Problem to work on: Each line from the opening of the material through the line holding "请勿到有钉螺孳生的河边、田边" needs to be returned exactly, with the pictures left out.

Data excerpts:
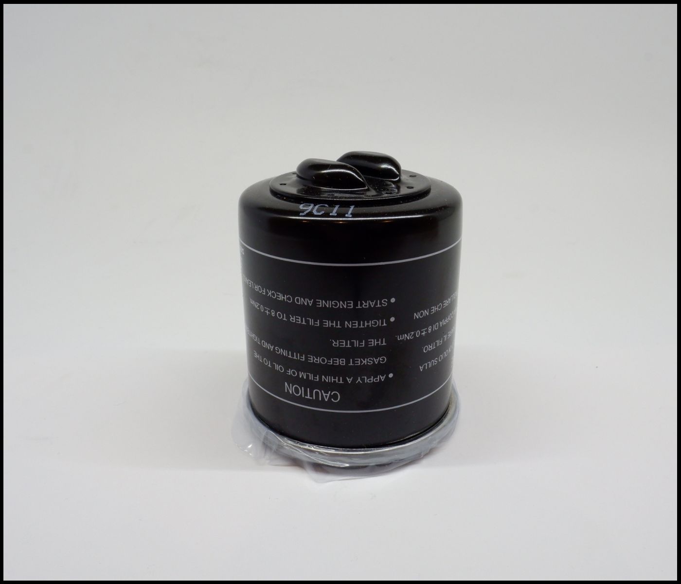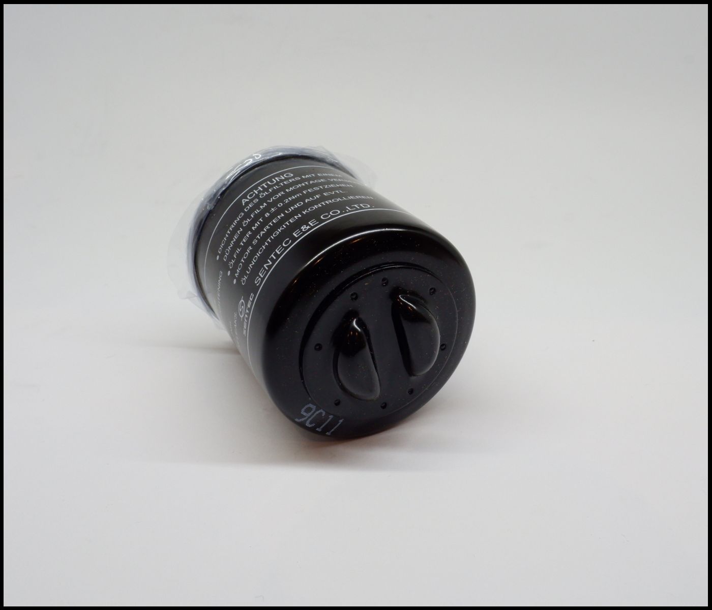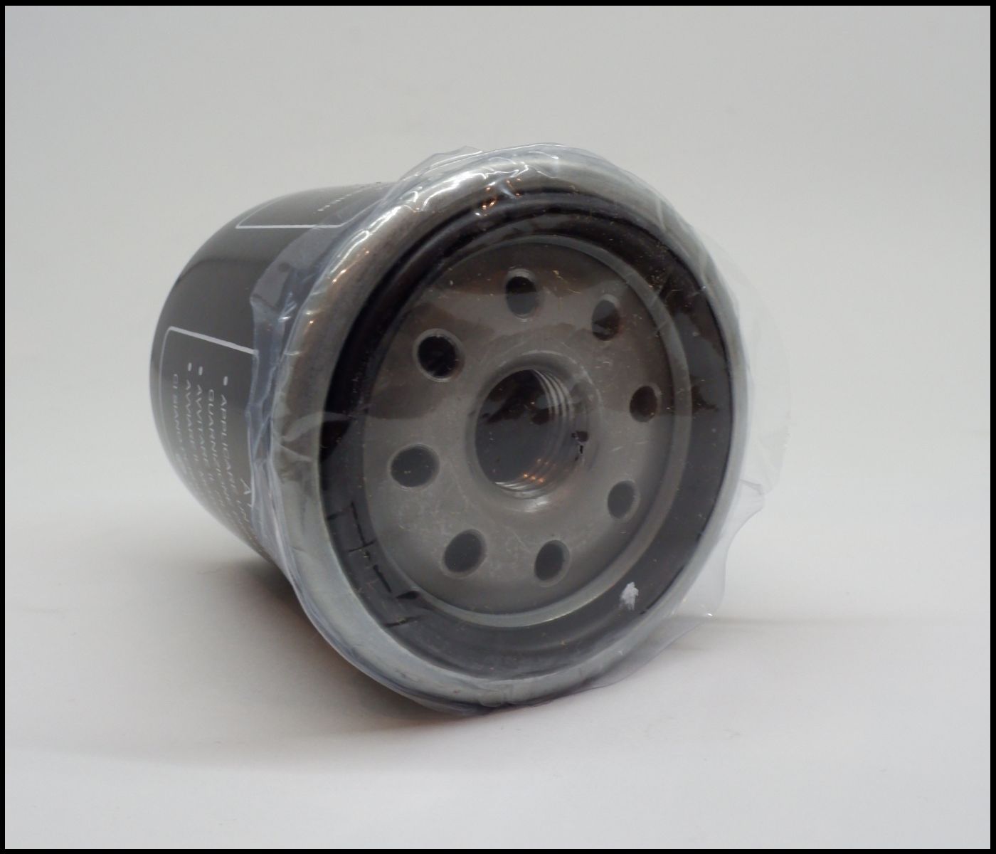 Filtro de óleo preto com tampa metálica prateada perfurada e embrulhado em plástico transparente
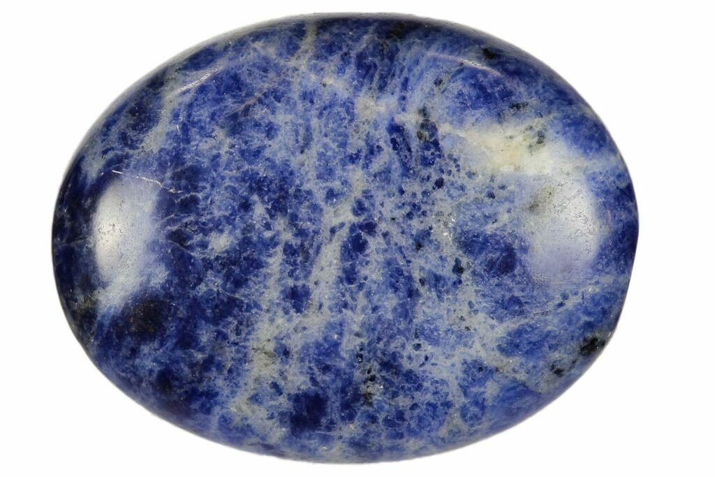 This is a 1.7" wide polished sodalite pocket stone. Being that these are natural stones, there will be some variation in pattern and color from specimen to specimen. Quantity discounts are available.
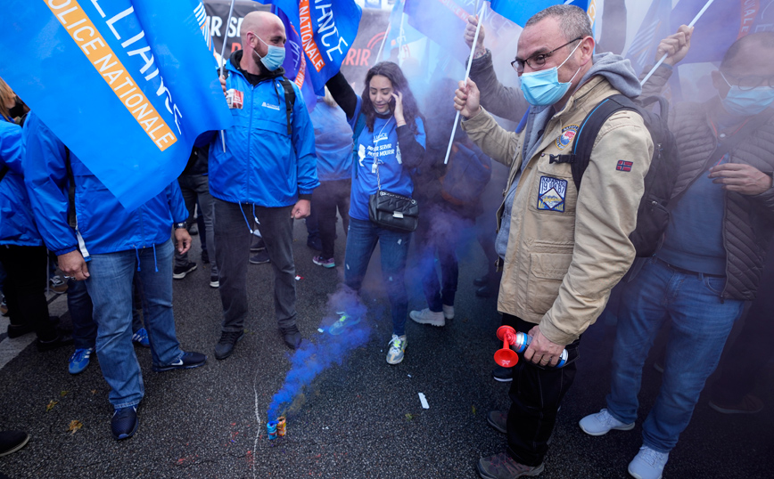 Χιλιάδες Γάλλοι αστυνομικοί διαδήλωσαν έξω από τη γαλλική Εθνοσυνέλευση σήμερα ζητώντας από την κυβέρνηση να λάβει δραστικά μέτρα κατά της βίας σε βάρος των δυνάμεων ασφαλείας και την επιβολή αυστηρότερων ποινών για τους δράστες.
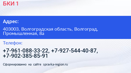 БКИ №1 по адресу 403003, Волгоградская область, Волгоград, Промышленная, 8а в дальнейшем Организация, размещена в следующих категориях:
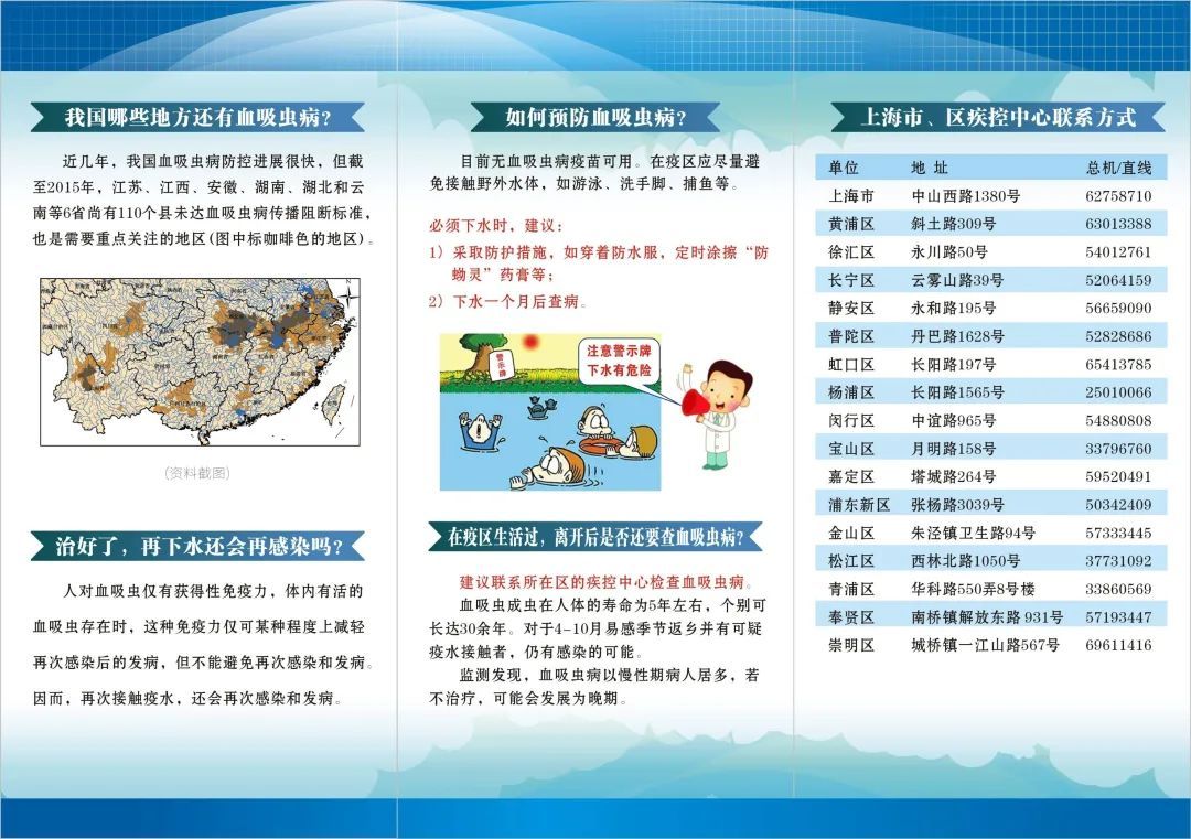 请勿到有钉螺孳生的河边、田边及沟渠钓鱼、游泳及戏水。如果不小心接触,在1个月内出现发热、腹泻等症状,应引起高度警惕,要及时到正规医疗机构接受检查,必要时进行早期治疗。
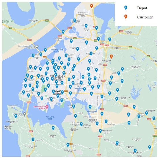 The proposed MOALNS algorithm was applied to a practical case study in a city in Hunan Province, featuring an MSW collection scenario with waste sorting. The case involved 112 primary waste collection sites and two waste processing centers, as illustrated in Figure 3. Due to the complexity of the road network and other factors, the model established in this paper considers only the primary collection points, which imposes certain limitations. In practice, waste is transported to these primary collection points from various locations through different means.
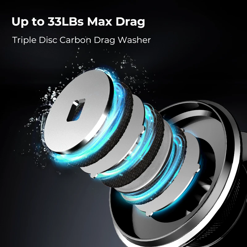 【Smooth Operation】 Features 8+1 double shielded stainless steel bearings for smooth transmission; Spherical structure inside the spool to maintain carbon washer drag flatness for smoother and more stable line cast and retrieve.
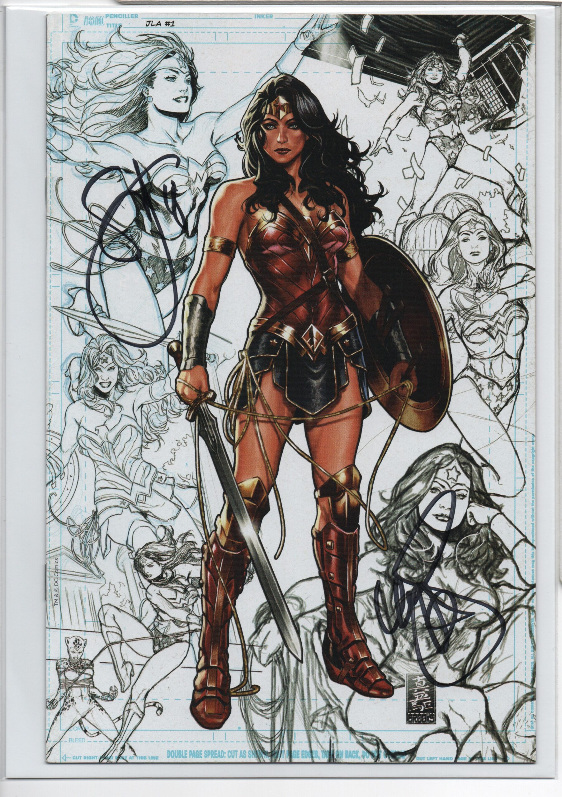 JUSTICE LEAGUE #1 – BROOKS RED ARMOR – VIRGIN CONCEPT SKETCH – CSA EXC – SIGNED 2X – LTD TO 250
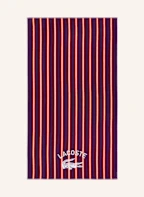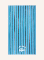 Dieses gestreifte Strandtuch L Sunstripe von Lacoste begeistert mit seiner raffinierten Jacquard-Bouclé-Struktur, die ihm eine elegante Textur verleiht. Ein schlichter Canvas-Saum sorgt für ein hochwertiges Finish. Hergestellt aus 100 % biologischer Baumwolle ist es zugleich sanft zur Haut und besonders saugfähig. Das ikonische Lacoste-Logo rundet das Design stilvoll ab. Der perfekte Begleiter für Strand, Pool und entspannte Sommermomente.
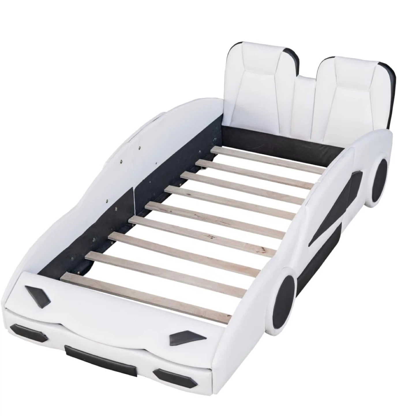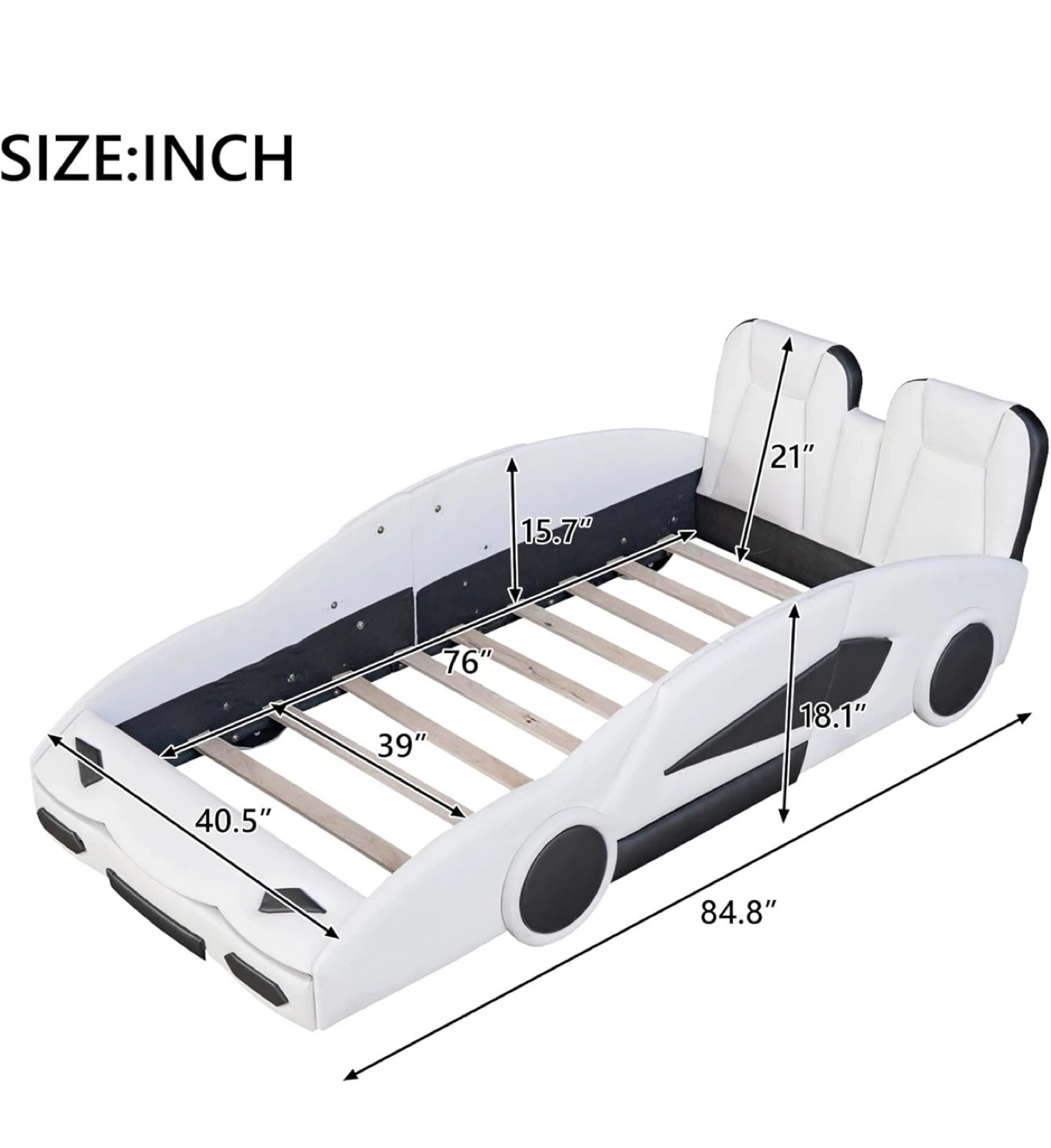 This race car bed frame is designed for a twin-size mattress. It features a playful race car design with upholstered headboard and footboard. Bed frame dimensions are 84.8" L x 40.5" W x 21" H. This bed is perfect for a child's bedroom!
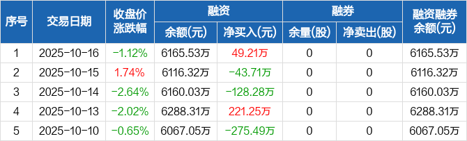 融资方面,当日融资买入186.22万元,融资偿还137.02万元,融资净买入49.21万元。融券方面,融券卖出0股,融券偿还0股,融券余量0股,融券余额0元。融资融券余额合计6165.53万元。
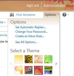 Microsoft brought back UI themes to OWA which allow you to choose a style for the interface that best suits you. By selecting Options from the top right hand corner (as shown in the image below) you can choose from over 20 different themes that will change the top banner and the colour scheme of the Outlook Web App UI.
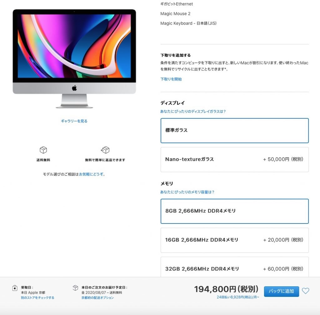 Silicon Macが今年中に出ると噂されているので、Intel対応のiMac最終モデルとなるのかもしれません。利用しているアプリケーションが「Silicon Mac」への対応するか否かで買いかどうか分かれるところです。
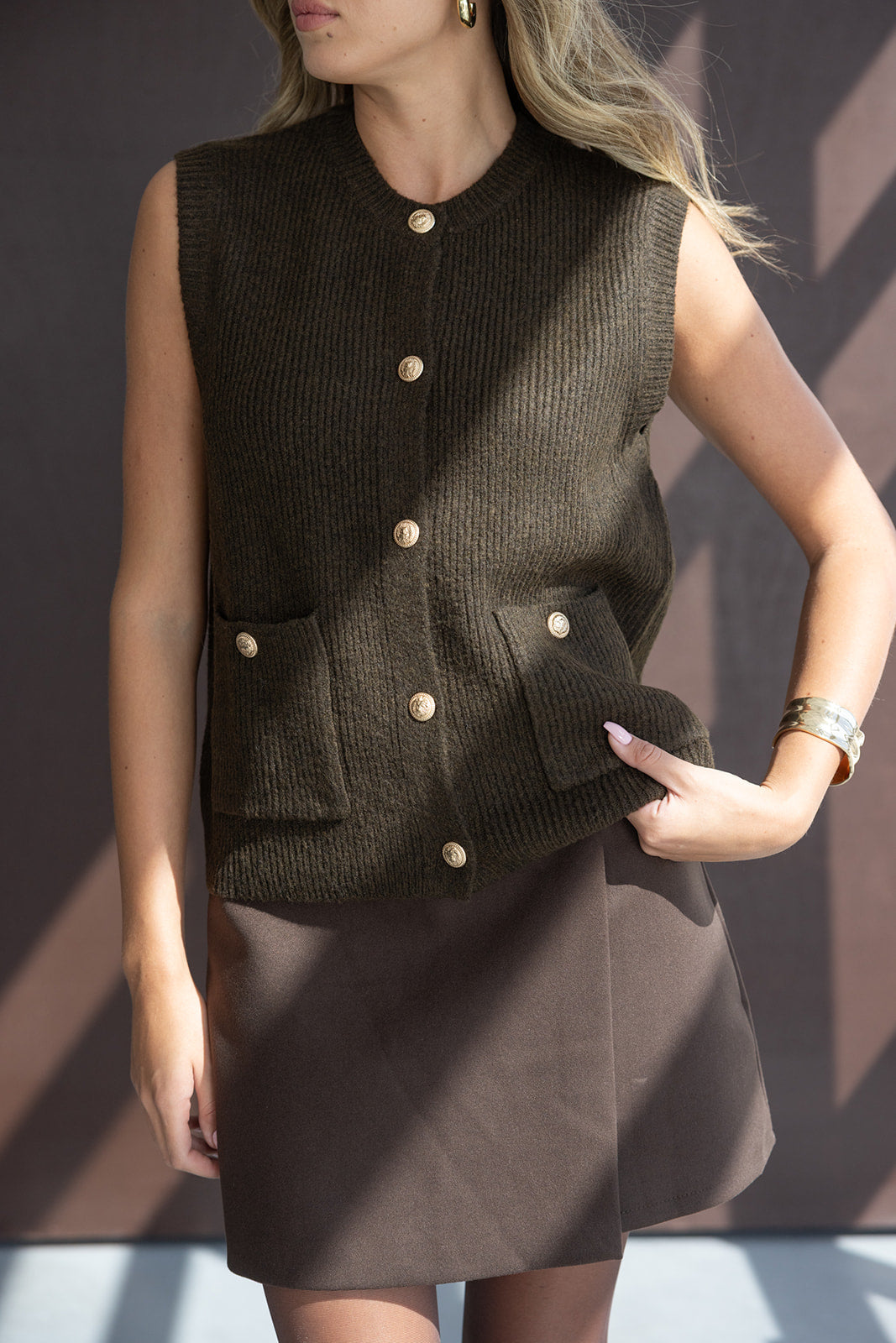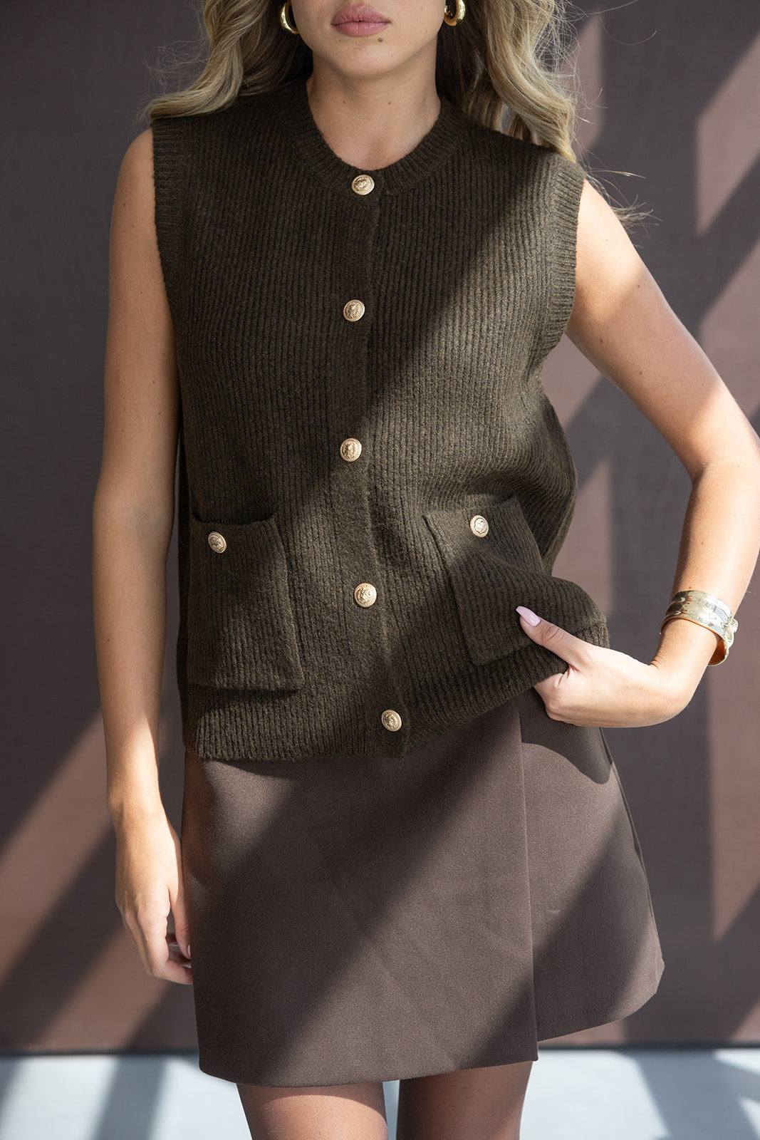 חצאית צמר מיני בשילוב כפתור ורוכסן להתאמה. בד נעים ואיכותי ביותר המעניק מראה קלאסי.

Output of the task:
 Filtro de óleo preto com tampa metálica prateada perfurada e embrulhado em plástico transparente
 This is a 1.7" wide polished sodalite pocket stone. Being that these are natural stones, there will be some variation in pattern and color from specimen to specimen. Quantity discounts are available.
 Χιλιάδες Γάλλοι αστυνομικοί διαδήλωσαν έξω από τη γαλλική Εθνοσυνέλευση σήμερα ζητώντας από την κυβέρνηση να λάβει δραστικά μέτρα κατά της βίας σε βάρος των δυνάμεων ασφαλείας και την επιβολή αυστηρότερων ποινών για τους δράστες.
 БКИ №1 по адресу 403003, Волгоградская область, Волгоград, Промышленная, 8а в дальнейшем Организация, размещена в следующих категориях:
 请勿到有钉螺孳生的河边、田边及沟渠钓鱼、游泳及戏水。如果不小心接触,在1个月内出现发热、腹泻等症状,应引起高度警惕,要及时到正规医疗机构接受检查,必要时进行早期治疗。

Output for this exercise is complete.